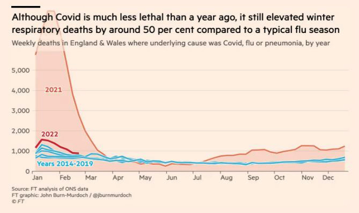 Ωστόσο, η ταχύτητα με την οποία η Όμικρον μολύνει τους ανθρώπους εξακολουθεί να ανεβάζει τον συνολικό αριθμό θανάτων αυτό τον χειμώνα, σε 9.641 από την πρώτη εβδομάδα του Ιανουαρίου. Είναι 50% υψηλότερα από ό,τι σε μια τυπική περίοδο γρίπης παρά τα χαμηλότερα επίπεδα κοινωνικής συναναστροφής, σύμφωνα με τα στοιχεία της βρετανικής Στατιστικής Υπηρεσίας.
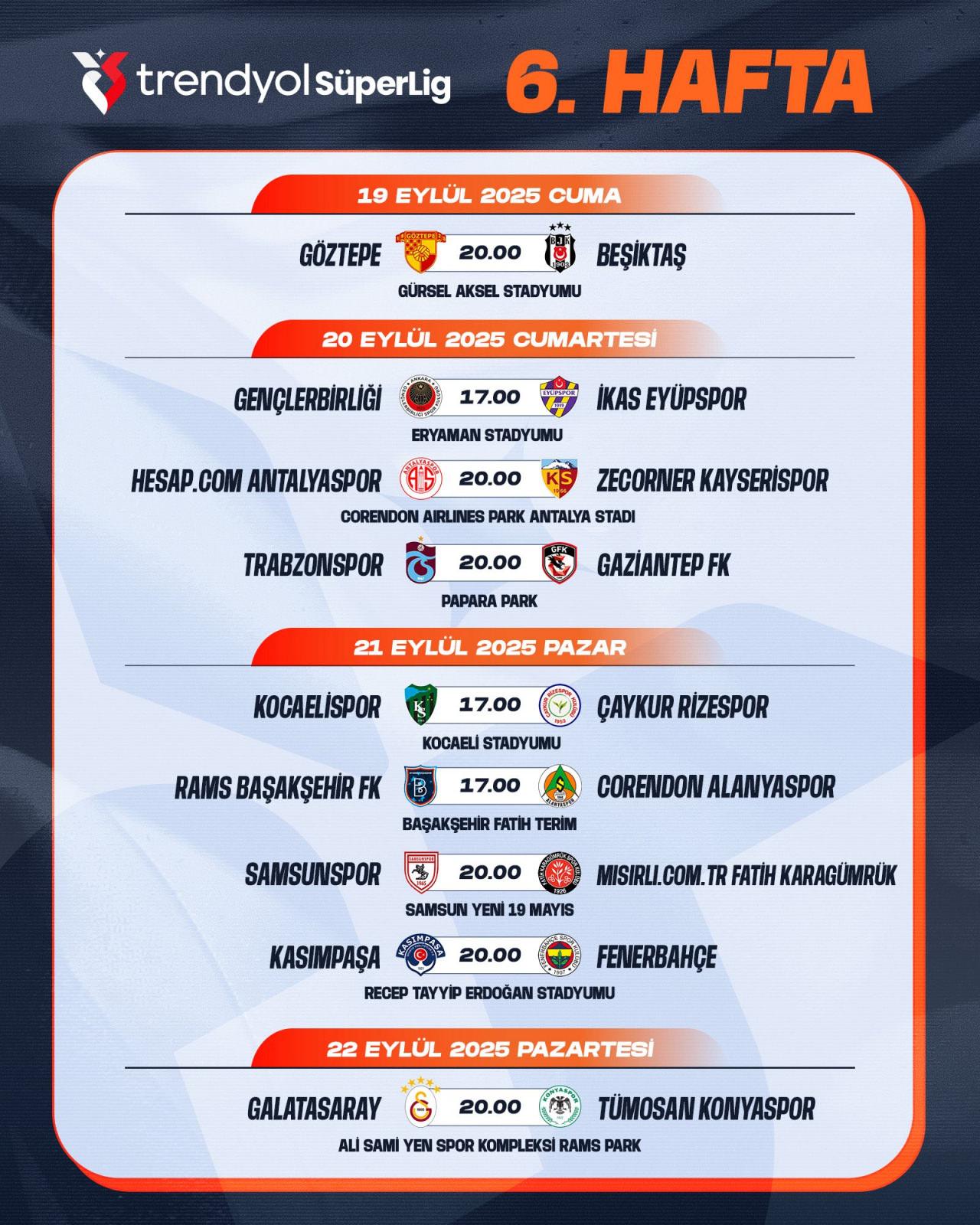 Süper Lig’de 6. haftanın programı:
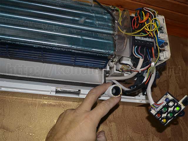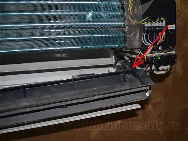 Чистку дренажа можно выполнить самому, но лучше довериться специалистам. Необходимо будет снять корпус внутреннего блока, под которым вы увидите лоток (можно посмотреть в этой статье). К этому лотку подсоединен дренаж. Внимательно осмотрите детали и найдите место соединения. Вы увидите отверстие внутри лотка – оно может быть или слева или справа как на фото (вероятно потребуется слить скопившуюся воду). Через любую подходящую трубку (кондиционерщики используют медную) дренаж продувают обычной водой, набрав её в рот. Вся грязь выйдет под давлением воздуха и воды на улицу (при этом смотрите, чтобы никому наголову «не прилетело»). Если трубка выведена в канализацию, то решается данная проблема только при плановом сервисном обслуживании сплит-системы.
======
| Exercise |
Reproduce the lines above exactly, image-free.

| Reply to the task |
 Ωστόσο, η ταχύτητα με την οποία η Όμικρον μολύνει τους ανθρώπους εξακολουθεί να ανεβάζει τον συνολικό αριθμό θανάτων αυτό τον χειμώνα, σε 9.641 από την πρώτη εβδομάδα του Ιανουαρίου. Είναι 50% υψηλότερα από ό,τι σε μια τυπική περίοδο γρίπης παρά τα χαμηλότερα επίπεδα κοινωνικής συναναστροφής, σύμφωνα με τα στοιχεία της βρετανικής Στατιστικής Υπηρεσίας.
 Süper Lig’de 6. haftanın programı:
 Чистку дренажа можно выполнить самому, но лучше довериться специалистам. Необходимо будет снять корпус внутреннего блока, под которым вы увидите лоток (можно посмотреть в этой статье). К этому лотку подсоединен дренаж. Внимательно осмотрите детали и найдите место соединения. Вы увидите отверстие внутри лотка – оно может быть или слева или справа как на фото (вероятно потребуется слить скопившуюся воду). Через любую подходящую трубку (кондиционерщики используют медную) дренаж продувают обычной водой, набрав её в рот. Вся грязь выйдет под давлением воздуха и воды на улицу (при этом смотрите, чтобы никому наголову «не прилетело»). Если трубка выведена в канализацию, то решается данная проблема только при плановом сервисном обслуживании сплит-системы.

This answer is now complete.